The analyst from Baird compared Envista's situation with that of Henry Schein Inc. (NASDAQ:HSIC), which is currently trading at a 13 times NTM price-to-earnings (P/E) multiple.

The firm expressed confidence in Henry Schein's ability to continue delivering earnings growth over the next two years, a period during which Envista may face challenges in maintaining stable EPS, anticipated to be in the low $1.00 range. This contrast in performance and valuation metrics led Baird to upgrade Henry Schein to an Outperform rating, while Envista's rating remained unchanged.

The report suggests that the market's expectations for Envista may be set too high based on the "Street's too-high numbers" for the next couple of years.
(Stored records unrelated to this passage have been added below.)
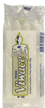
VELA N° 6 G
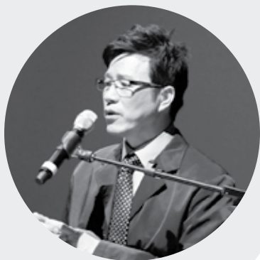
(作者為城北堂牧師)
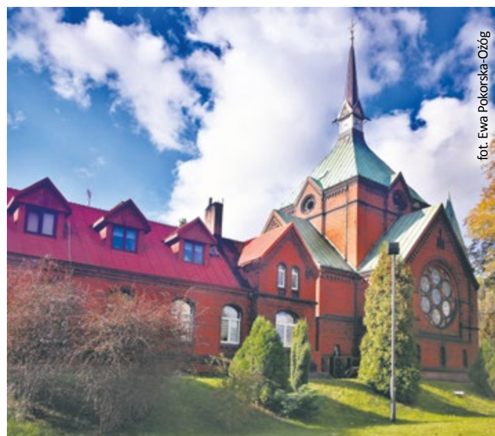
fol. Ewa Pokorska-Ożóg
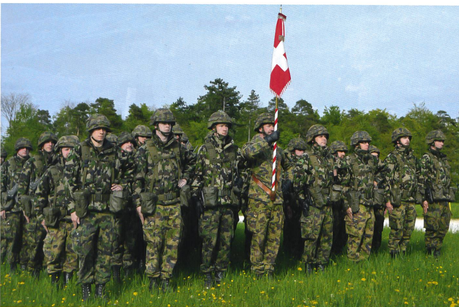
Pz Bat 13: Die Standarte, das Symbol für das Bataillon als Schicksalsgemeinschaft.
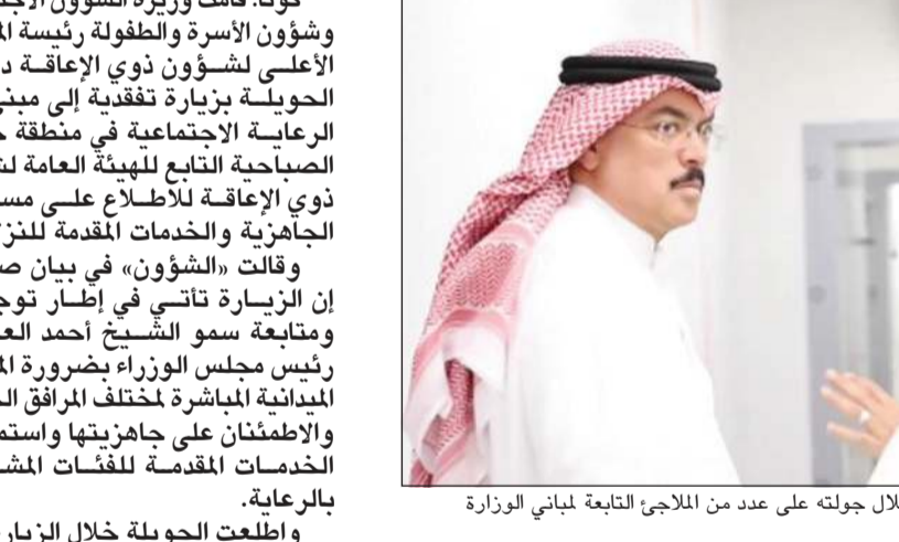
وزير التربية م.سيد جلال الطبائبي خلال جولته على عدد من الملاحي التابعة لمباني الوزارة

كوونا: قامت وزيرة الشؤون الاجتماعية وشؤون الأسرة والطفولة رئيسة المجلس الأعلى لشؤون ذوي الإعاقة د.أمثال الحويلة بزيارة تفقدية إلى مبنى دور الرعاية الاجتماعية في منطقة جنوب الصباحية التابع للهيئة العامة لشؤون ذوي الإعاقة للاطلاع على مستوى الجاهزية والخدمات المقدمة للنازلاء. وقالت «الشؤون» في بيان صحفي إن الزيارة تاتي في إطار توجيهات ومتابعة سمو الشيخ أحمد العبدالله رئيس مجلس الوزراء بحضوره المتابعة الميدانية المباشرة لاختلاف المرافق الخدمية والأطمئنان على جاهزيتها واستمرارية الخدمات المقدمة للفئات المشمولة بالرعاية. وأطلعت الحويلة خلال الزيارة على التجهيزات المتوفرة داخل المبنى بما في ذلك تجهيزات الملجأ وخطط الطوارئ المعتمدة لضمان سلامة النزلاء والعاملين، مؤكدة أهمية الاستعداد الكامل في مثل هذه الظروف وتوفير أعلى مستويات الرعاية والخدمات الصحية والإنسانية للأشخاص ذوي الإعاقة. وشددت على أن النزلاء والمرضى يحظون بالأولوية القصوى في الرعاية

The analyst's updated estimates for 2024 and 2025 take into account these considerations and the potential for Envista to struggle in holding its EPS stable, as opposed to Henry Schein, which seems poised for consistent growth.

Envista Holdings Corp., which operates in the dental industry, has been under scrutiny by Baird as it evaluates the company's financial projections and market position relative to its competitors. The firm's decision to lower the price target reflects a cautious outlook on Envista's earnings potential and stock performance in the near future.

The update from Baird comes as investors continue to assess the value and growth prospects of companies within the healthcare sector, with particular attention to their earnings multiples and the ability to sustain or increase profitability in a competitive market landscape.